Była to nb. jedna z nielicznych udanych akcji duetu Szarmach — Lato. Jeszcze przez kilka minut po strzeleniu gola przewagę mieli gospodarze, strzelali groźnie Sekulski i Gąsior. W tym okresie ataki Wisły pozbawione były szybkości, dynamiki.

Dopiero w ostatnich kilku minutach wiślacy zerwali się do ataku i wówczas okazało się, ii eksperymentalnie zestawiona obrona Stali nie jest wcale monolitem. Po błędzie defensywy gospodarzy w 86 min. do piłki na polu karnym doszedł Kapka, ostro strzelił, ale w zewnętrzną stronę słupka.

Szkoda, że wiślacy tak późno ruszyli do energicznych ataków.

W sobotę Stal była do pokonania.

A tak wiślacy znowu stracili punkty, choć przez długie minuty kontrolowali przebieg wydarzeń na boisku. W piłce liczą się jednak tylko bramki!

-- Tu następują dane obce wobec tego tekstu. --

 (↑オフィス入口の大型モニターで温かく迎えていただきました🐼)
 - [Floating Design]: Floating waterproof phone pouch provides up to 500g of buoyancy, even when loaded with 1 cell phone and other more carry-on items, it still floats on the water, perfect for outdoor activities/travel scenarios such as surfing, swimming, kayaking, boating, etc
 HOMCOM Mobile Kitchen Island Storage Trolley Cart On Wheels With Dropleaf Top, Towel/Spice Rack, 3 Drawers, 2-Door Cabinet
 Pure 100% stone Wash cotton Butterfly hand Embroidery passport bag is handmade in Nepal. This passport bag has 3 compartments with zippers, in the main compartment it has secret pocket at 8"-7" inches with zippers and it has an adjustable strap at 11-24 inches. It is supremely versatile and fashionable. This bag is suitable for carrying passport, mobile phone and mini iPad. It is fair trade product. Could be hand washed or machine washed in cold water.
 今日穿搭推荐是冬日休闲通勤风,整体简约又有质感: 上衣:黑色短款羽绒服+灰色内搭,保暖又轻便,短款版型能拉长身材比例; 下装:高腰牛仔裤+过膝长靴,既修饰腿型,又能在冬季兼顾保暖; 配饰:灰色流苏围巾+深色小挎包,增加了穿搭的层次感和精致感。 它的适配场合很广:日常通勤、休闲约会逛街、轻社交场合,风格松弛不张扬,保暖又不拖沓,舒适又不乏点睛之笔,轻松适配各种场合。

WISŁA: Adamczyk — H. Szymanowski, A. Szymanowski, Maculewicz, Gazda — Nawałka (od 78 min. Pawlikowski), Jałocha (od 70 min Lipka), Płaszewski, Kapka — Kmiecik, Kusto.

STAL: Kukla — Rzeźny, Demko, Kasperczak, Karaś — Hnatio, Gąsior (od 78 min. Bielewicz), Oratowski — Lato, Szarmach, Sekulski.

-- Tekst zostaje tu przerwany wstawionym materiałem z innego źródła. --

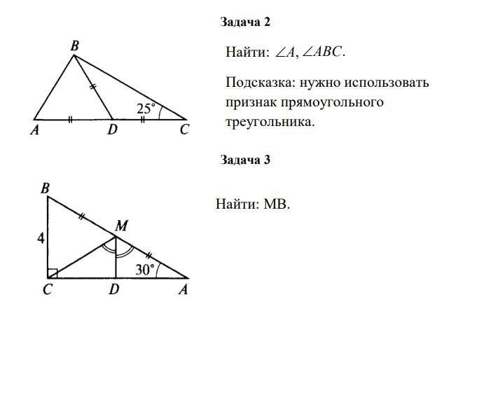 1) если медиана равна 1/2 стороны к которой она проведена то треугольник прямоугольный ABC=90° A=65°
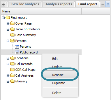 On the <Report name> tab, locate the position in your report of the public record item then right-click and select Rename.
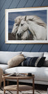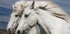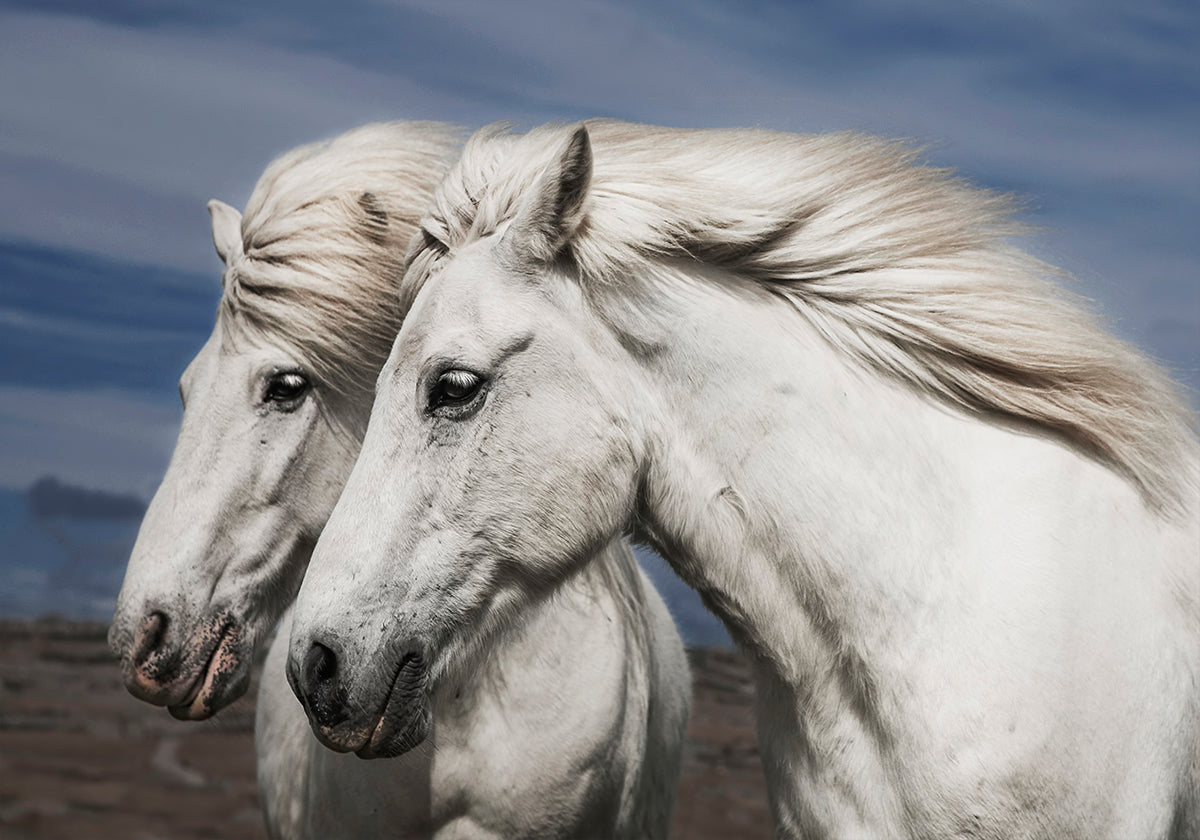 Et fantastisk fotografi av to hvite hester med manene flagrende i vinden, som symboliserer frihet, ømhet og vennskap. Deres grasiøse nærvær mot det naturlige landskapet fanger essensen av romantikk og vennskap.
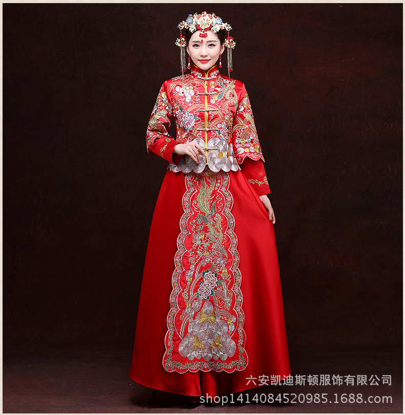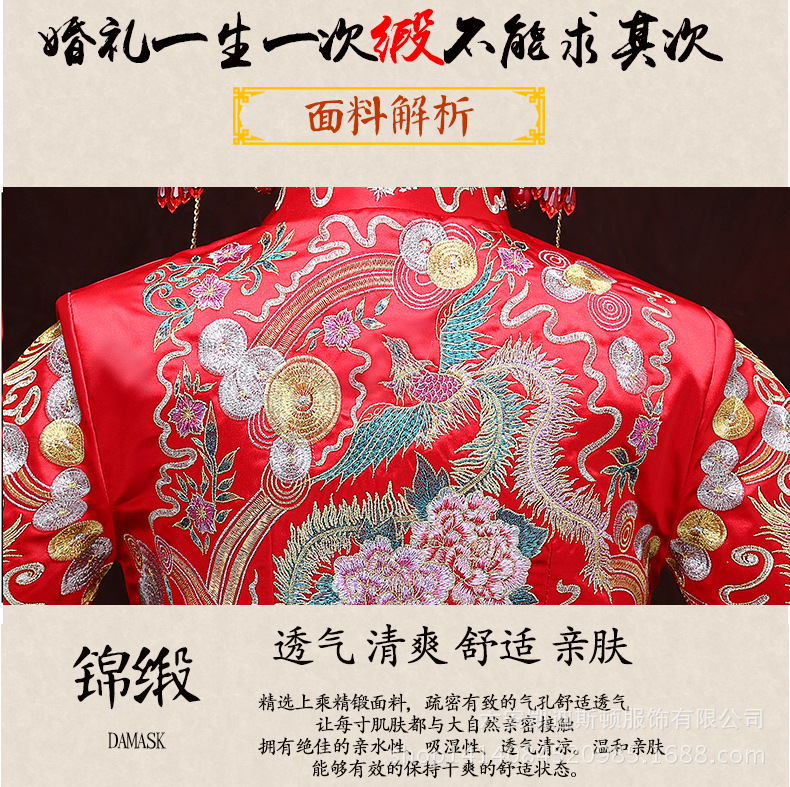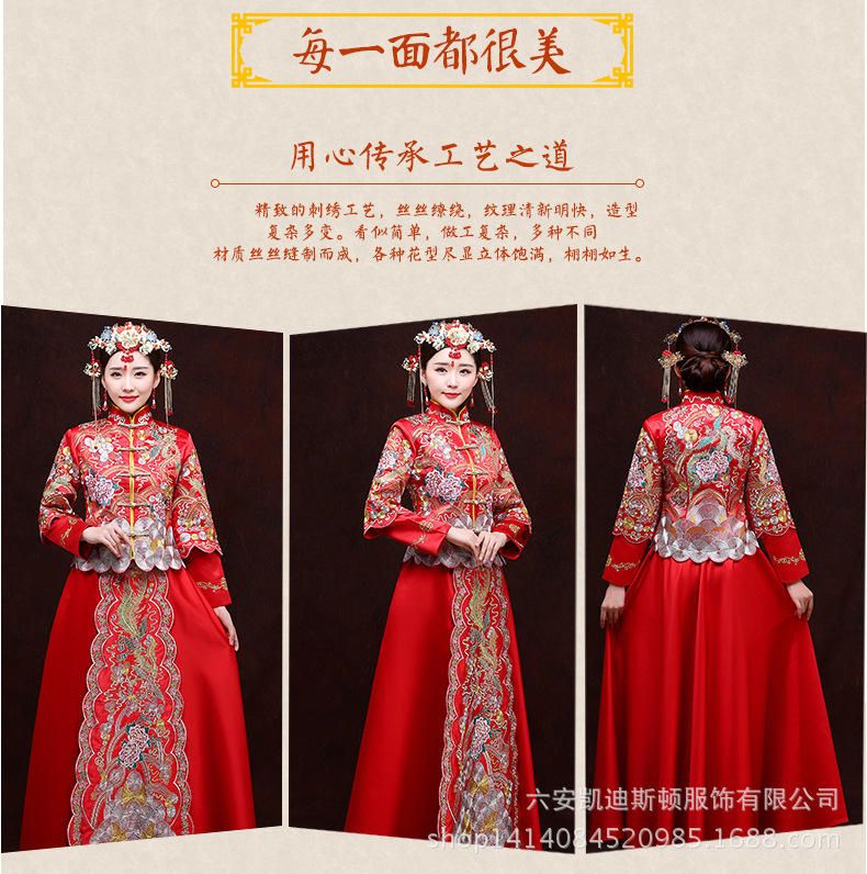 新款新娘秋冬秀禾服 中式礼服复古敬酒服结婚嫁衣龙凤褂喜服--聚爱城
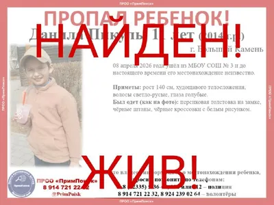 ВНИМАНИЕ! ПРОПАЛ РЕБЕНОК! Данила Пикуль, 11 лет (2014 г.р.) г. Большой Камень 08 апреля 2026 года ушёл из МБОУ СОШ № 3 и до настоящего времени его местонахождение неизвестно. Приметы: рост 140 с
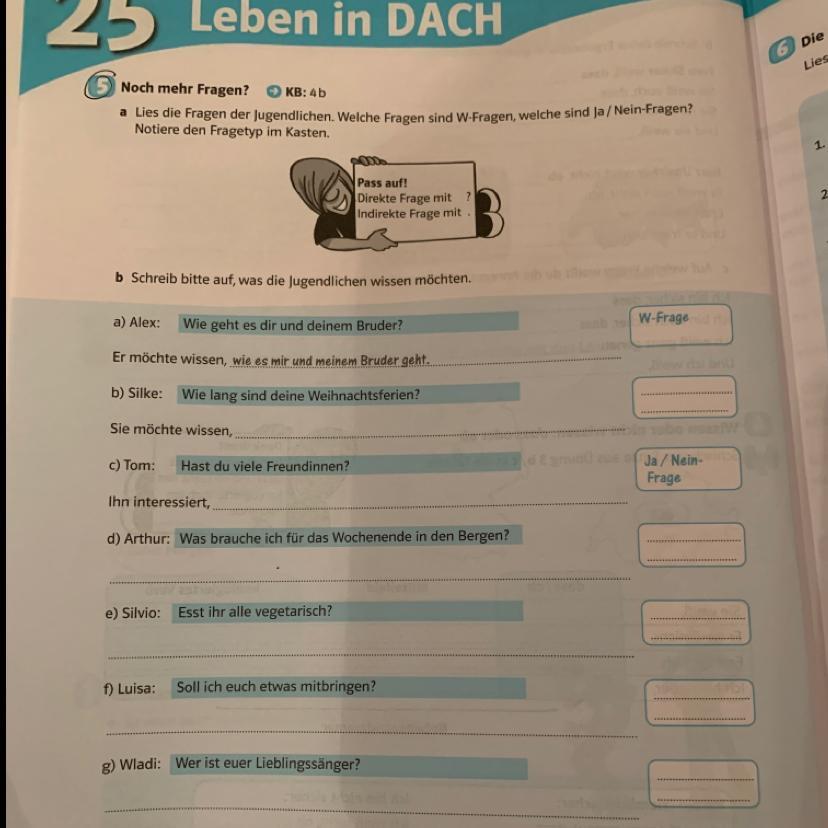 Синим цветом в задании даны direkte Fragen (они начаты или с вопросительного слова или с глагола)

XII kolejka spotkań o mistrzostwo piłkarskiej ekstraklasy przyniosła zmianą lidera. Nowym przodownikiem tabeli zostali piłkarze Śląska Wrocław. Ćwierćfinalista Pucharu Zdobywców Pucharów udowadnia, że jego dobra postawa w rozgrywkach międzynarodowych nie jest przypadkowa, Duże zainteresowanie wzbudził pojedynek mistrza Polski Stali Mielec z Wisłą, drużyną, która tak dobrze spisywała się w pucharze UEFA. Wygrała Stal 1:0, ale wynik również dobrze mógł być odwrotny, choć w szeregach Wisły zabrakło bramkarza Goneta i Wróbla. Mielczanie plasują się na trzecim miejscu z jednopunktową stratą do lidera, Wisła natomiast straciła kontakt z czołówką tabeli. Szkoda, ale jeśli nie strzela się bramek w tak dogodnych sytuacjach jak zademonstrowali nam w Mielcu Kapka i Kmiecik to trudno o zwycięstwa.